Claude Code + iOS Simulator
How to connect Claude Code to your iOS simulator using the ios-simulator MCP server. Set up in 15 minutes and let Claude run your bug and UX checks.
Apr 13, 2026
6 min read
BestSelf was an e-commerce company for seven years. Physical products, Shopify, fulfillment, the whole thing. When we decided to build Helm, a focus app that blocks distracting apps on your phone, we were moving into software with zero infrastructure for it. No engineers on staff who’d shipped iOS apps before. No QA process. No one whose job it was to find bugs before users did.
That job fell to me.
What that looked like in practice: build something, open the simulator, poke around, try the flow a few times, decide it seemed fine, move on. Repeat for every change. Except Helm isn’t a todo app. It reaches into iOS and controls what you can access on your own phone. If something breaks, a user might get locked out, or the blocking might not trigger when it should. High stakes, lots of states, and no one checking any of it except me.

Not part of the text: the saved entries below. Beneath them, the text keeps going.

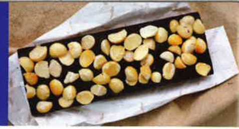
澳洲火山豆香脆清甜，配合濃厚純苦的巧克力，口感有層次。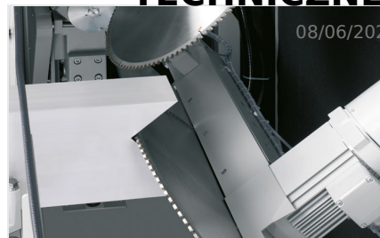
Piły do wycięć klinowych AKS 134/64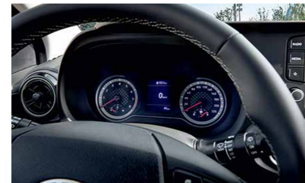
Màn hình thông tin 3.5 inch

Nội thất hiện đại, hoàn thiện kết hợp với không gian rộng rãi làm cho những chuyến đi dài trở thành một trải nghiệm thú vị.

I didn’t learn about this until December, after Helm was mostly built. There’s an MCP server that connects Claude Code directly to your iOS simulator. Claude can tap, swipe, read the screen, and run a test pass without you lifting a finger. I’m writing this now because the next time I build an app, this is getting set up on day one. If you’re building anything with a UI and doing your own manual testing, same goes for you.
What actually changes
The problem with testing your own app isn’t effort. It’s that you know too much. You built it, so you use it the way you intended it to work. You test the happy path. You find maybe half of what’s actually broken.

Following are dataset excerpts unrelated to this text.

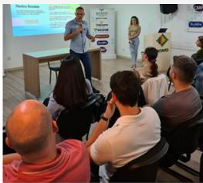
20 DE AGOSTO DE 2024 | 0 MENUS COMENTÁRIOS Ciclo de Palestra fala sobre Marketing e Redes Sociais

Diversos cursos de capacitação são desenvolvidos de forma gratuita na associação.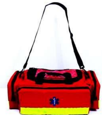
Τσάντα "Pharma Bag 6» + περιεχόμενο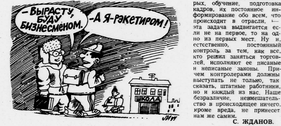
Рис. И. Левитина.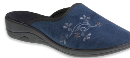
032 552D005 36-41 granat, granátový, navy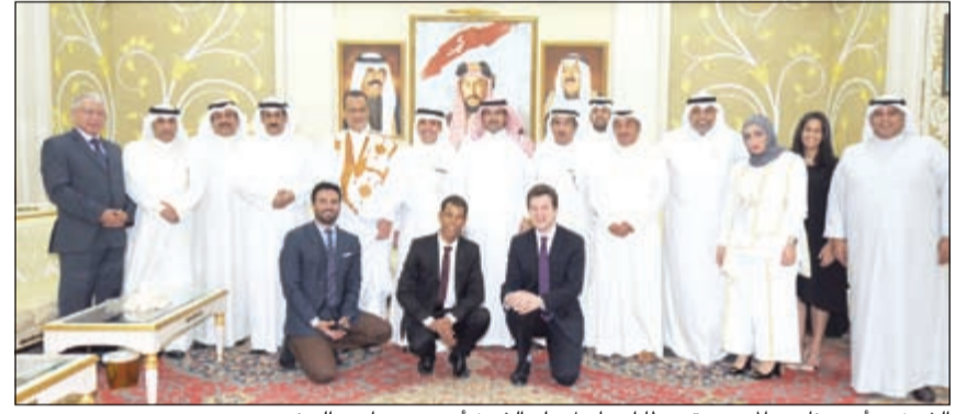
الشيخ د. أحمد ناصر الحمد متوسطا إسماعيل ولد الشيخ أحمد وعددا من الحضور

اليمن إسماعيل ولد الشيخ أحمد وسفير خادم الحرمين الشريفين لدى الجمهورية اليمنية محمد آل جابر. حضر المأدبة مساعد وزير الخارجية لشؤون مجلس التعاون لدول الخليج العربية السفير ناصر المزين والسفير سالم الزمانان وسفيرنا لدى اليمن فهد اللميع ومساعد وزير الخارجية لشؤون الوطن العربي السفير عزيز الدحاني ونائب مساعد وزير الخارجية لشؤون مكتب النائب الأول لرئيس مجلس الوزراء ووزير الخارجية السفير الشيخ د. أحمد ناصر الحمد أمس مأدبة غداء على شرف مبعوث الأمين العام للأمم المتحدة إلى

When you give Claude access to your iOS simulator, it becomes your QA engineer. It doesn’t know how the app is supposed to work, so it looks at what’s actually on screen. It reads the accessibility tree, taps through flows, and reports what it finds. Not what you hoped it would find.
That covers bugs. The more underrated part is UX feedback. Claude can tell you the button label is ambiguous. That a flow requires three more taps than it should. That an error state gives the user no way out. You get a bug report and a design review at the same time, from something looking at your app completely fresh.
The specific workflow this changes is verification. Before: fix a bug, open the simulator, navigate to the screen, manually confirm it’s fixed, move on. Multiply that by every bug in a complex app. After: fix it, tell Claude to check it, move on. You stay in the decisions. Claude handles the confirmation.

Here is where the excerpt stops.